VIRUS: TAKING THE HERALD OUT OF GLASGOW

Editorial staff to work from home or move to Clydebank

By Bill Heaney

Veteran journalist Hamish Mackay reports in today’s Scottish Review that these are strange times indeed for the editorial staff of Newsquest’s titles in Glasgow which come under the Newsquest (Herald & Times) Ltd banner.

All the journalists at The HeraldGlasgow Times, the Herald on SundayThe NationalSunday National and the Scottish Farmer magazine are now effectively homeless (well, to be strictly accurate: officeless) after the company, already under heavy pressure from declining income before COVID-19 savaged advertising and circulation revenues, has quit its HQ in Renfield Street and is seeking new premises.

It had apparently been in lengthy negotiations with its previous landlord to reduce the £1.17 million annual rental as it sought to cut costs. But no deal was struck. Fortuitously, all the editorial staff are working from home because of the pandemic.

The 53,330 sq ft glass-fronted office in Renfield Street, which had 82 parking spaces, was bought in 2014 by Kames Capital’s Property Income Fund in a deal then reportedly worth £13.7 million.
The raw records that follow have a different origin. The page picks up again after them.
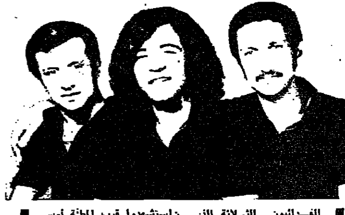
الضباط الثلاثة الذين استشهدوا قرب الخطة امس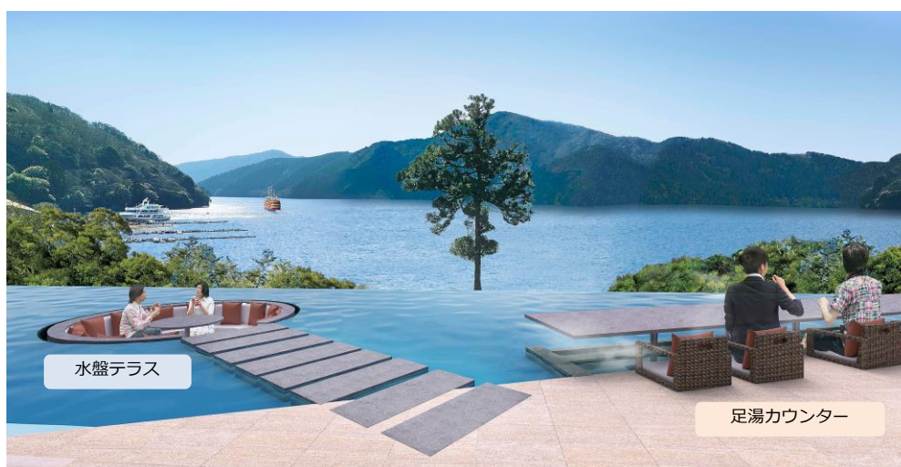
ロビーから続く水盤テラス、足湯カウンターから芦ノ湖を一望できます。

ロビーから続くオープンエアのパブリックスペースに、水盤テラスと足湯カウンターを設けました。森林の澄んだ空気、小鳥のさえずり、風の感触を楽しみながら、芦ノ湖の眺望を眼前にくつろぎのひとときをお過ごしいただけます。水盤テラスでは水を張った空間の中に円形のソファを設置し、芦ノ湖に浮かんでいるかのような感覚を楽しめます。足湯カウンターで、飲み物を手に心地よい湯のぬくもりに身をゆだねれば、身も心もリラックスできます。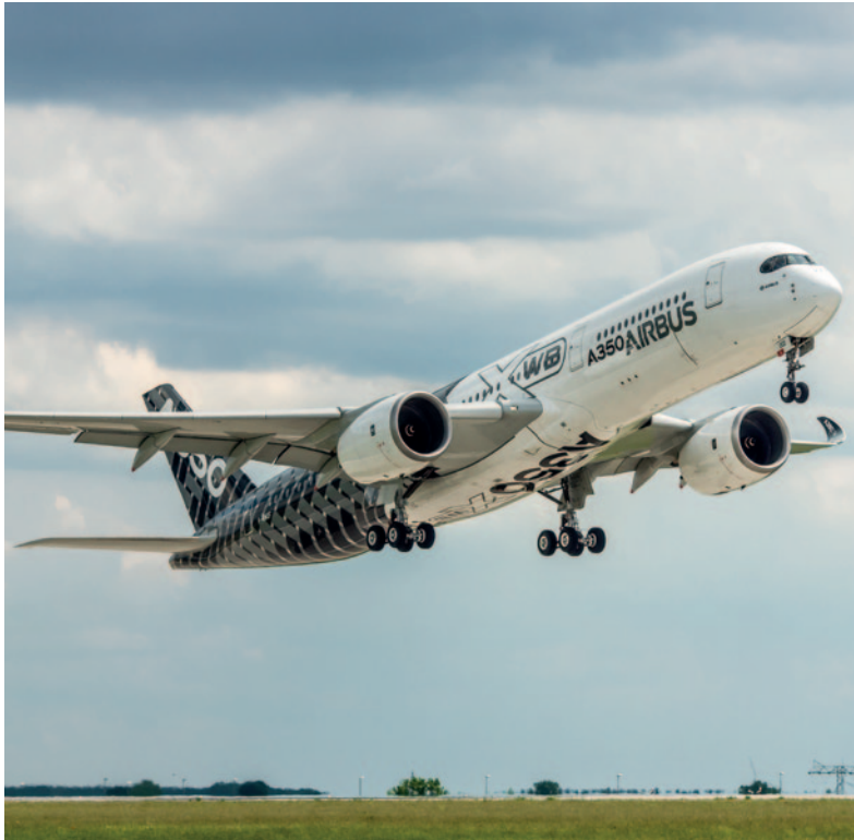
62_ Fahrwerke für Flugzeuge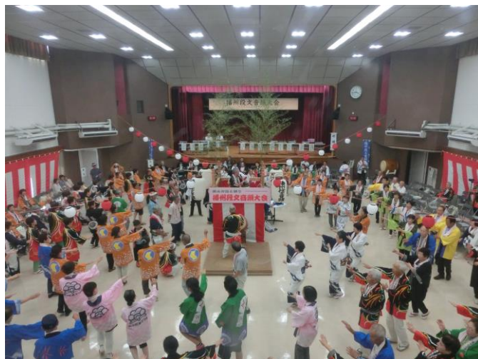
【播州段文音頭大会】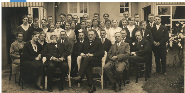
1931 Die 2. Gottesdienststätte in Lage Lange Straße 114. Gemeinde Lage mit Stammapostel Niehaus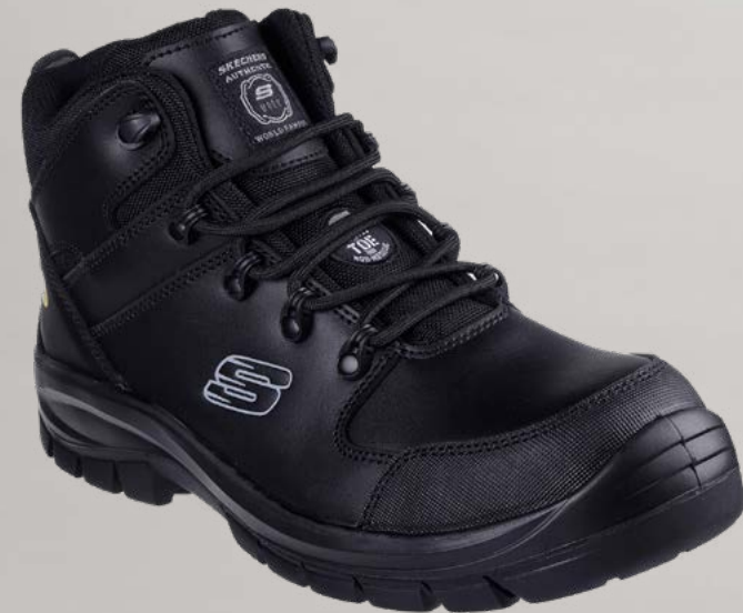
REF. SK200187EC TROPHUS - PENDING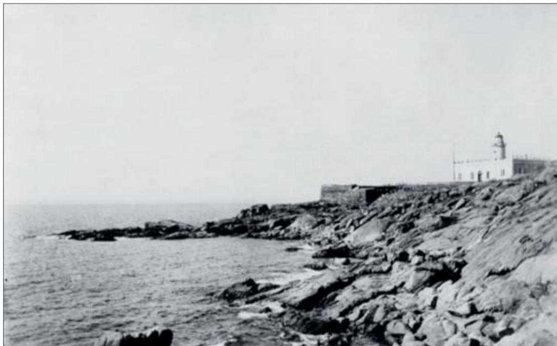
Sobre aquestes línies, el Far de Roses, i a la imatge inferior, una fotografia antiga.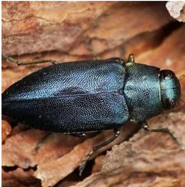
Рис. 4.2. Синя соснова златка [17]

Золотогуз поширений у Європі та Азії, але його також завезли в Північну Америку для біологічної боротьби з бур'янами. Проте через здатність сильно шкодити листовим деревам, цей вид вважається небезпечним шкідником і потребує постійного нагляду в лісовому господарстві[17].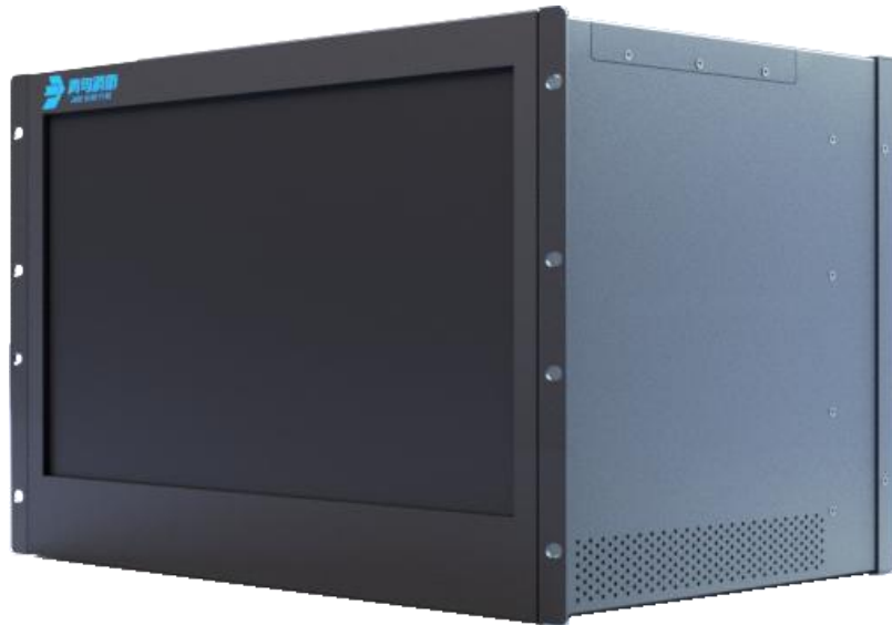
图像型火灾探测器监控部分

本次发布 VFD / SF-JBF-DG04、VFD / SF-JBF-DG08 监控部分同时也进行了更新。监控部分采用一体式入柜结构，占用 7U 面板空间，可灵活安装于单琴台或标准服务器机柜中。

I understand that at the time of the rental discussions Newsquest (Herald and Times) Ltd had a lease for the full property until 2030. But crucially, I gather, it came with a break point which could be triggered this year.

Senior Newsquest management had previously scouted out alternative hubs for some of its staff, including the journalists on the national titles.

In a statement to staff, managing director, Graham Morrison, had said: ‘I have called a halt to our protracted negotiations with the landlord for the extension of the lease for our Renfield Street property which expires in May, 2020.

Having taken cognisance of the situation, and the on-going issues we have faced during the negotiations with the landlord, I have concluded that the terms on offer are no longer value for money, and in the meantime that we will fully utilise the available space that we have in both Cambuslang (Print Centre) and Clydebank’.

He added: ‘Whilst this is most definitely the right decision, I am still absolutely committed to having a significant presence in the city. We are actively seeking alternative premises in Glasgow and have already identified various options with commercial property partners’.

One comment

  1. The death of a thousand cuts as sales and advertising revenues decline.

    Dinosaurs unable to keep up in the digital age their skewed and partisan reporting has done for them to the extent that the Herald, a so called ‘ national’ paper, now sells less than 10,000 copies.

    By comparison online political commentaries like Wings Over Scotland attract something like 700,000 unique viewers.

    And on regional level I’d hazard a guess that the Democrat is faring well against the declining local papers.